Note that UpdateWorkflowExecution means something different as a persistence operation, than frontend. For frontend it associated with workflow updates, in persistence latencies, UpdateWorkflowExecution is any update to a workflow execution (signal/activity schedule or complete/child workflow schedule or complete….) which is on the persistence latencies and error side pretty important to monitor, but not always as a frontend operation, will add more info on this below.
So for errors yeah would alert on Unavailable, Internal, DeadlineExceeded, and possibly ResourceExhausted but be mindful of resource exhausted cause again as mentioned as for example cause of RpsLimit might not be issue but actually expected, but things like BusyWorkflow/SystemOverloaded might be causes you might want to alert on.

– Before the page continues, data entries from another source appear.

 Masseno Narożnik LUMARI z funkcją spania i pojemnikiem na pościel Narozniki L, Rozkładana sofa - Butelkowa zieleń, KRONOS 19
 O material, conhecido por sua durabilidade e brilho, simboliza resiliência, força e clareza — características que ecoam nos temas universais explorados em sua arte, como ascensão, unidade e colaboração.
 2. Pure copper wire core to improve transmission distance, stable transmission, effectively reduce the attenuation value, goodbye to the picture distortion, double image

Errors such as FailedPrecondition, WorkflowExecutionAlreadyStarted and even Canceled (if its a client cancel) can be expected and probably not something you want to alert on, but be aware that its happening.
DescribeWorkflowExecution
is similar in that its not operation that depends on sdk workers. in this case frontend service direc queries primary db. NotFound or NamespaceNotActive in this case can be a completely normal response, but Unavailable, Internal, DeadlineExceeded again can point to potential db issues/latencies.
QueryWorkflow
GetWorkflowExecutionResult
UpdateWorkflowExecution
These operations do depend on your sdk workers (UpdateWorkflowExecution depending on the update completion stage set, so be aware of that)
You still alert on Unavailable/Internal, but things like Canceled, DeadlineExceeded, ResourceExhausted (again check type) WorkflowNotReady, NotFound, can be expected responses in diff cases depending on sdk workers. WorkflowNotReady can also be expected here if workflow execution is “stuck” meaning its in a state where workflow task is failing due to some intermittent error in workflow code or non-deterministic issues.

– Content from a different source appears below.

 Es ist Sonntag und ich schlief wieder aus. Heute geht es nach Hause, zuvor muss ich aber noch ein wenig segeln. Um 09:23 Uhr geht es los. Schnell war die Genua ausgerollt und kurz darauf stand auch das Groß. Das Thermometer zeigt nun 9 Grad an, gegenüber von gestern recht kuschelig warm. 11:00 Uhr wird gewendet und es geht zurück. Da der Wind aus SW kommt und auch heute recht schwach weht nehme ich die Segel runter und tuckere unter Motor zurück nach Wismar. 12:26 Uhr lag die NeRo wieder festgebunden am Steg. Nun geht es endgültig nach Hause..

GetWorkflowExecutionHistory
GetWorkflowExecutionResult
There are two calls here, GetWorkflowExecutionHistory is explicitly done by your sdk workers when they need to get exec event history (to perform event history replay for example).
Clients sync-waiting for execution completion actually do PollWorkflowExecutionHistory operation
which iirc is what GetWorkflowExecutionResult is on frontend side (sorry cant 100% remember)
Be aware of errors here, similarly alert on Unavailable/Internal/DeadlineExceeded but note that worker/client can cancel these that can lead to Canceled .
ListWorkflowExecutions
This is a visibility api call so can indicate possible issues with visibility store (high latencies/intermittent issues). DeadlineExceeded can indicate possible high latencies on vis store so good to check vis latencies:
histogram_quantile(0.95, sum(rate(task_latency_bucket{operation=~"VisibilityTask.*", service_name="history"}[1m])) by (operation, le))
PollWorkflowTaskQueue
PollActivityTaskQueue
These are your worker poll operations. Canceled can be related to workers shutting down/being restarted. ResourceExhausted in most cases is related to RpsLimit and expected if rps limits for namespace breached. Can also be ConcurrentLimit if breaches your dynamic config value set via
frontend.namespaceCount
RegisterNamespace
Similar to other operations that do not depend on sdk workers as what to monitor.
Hope this help.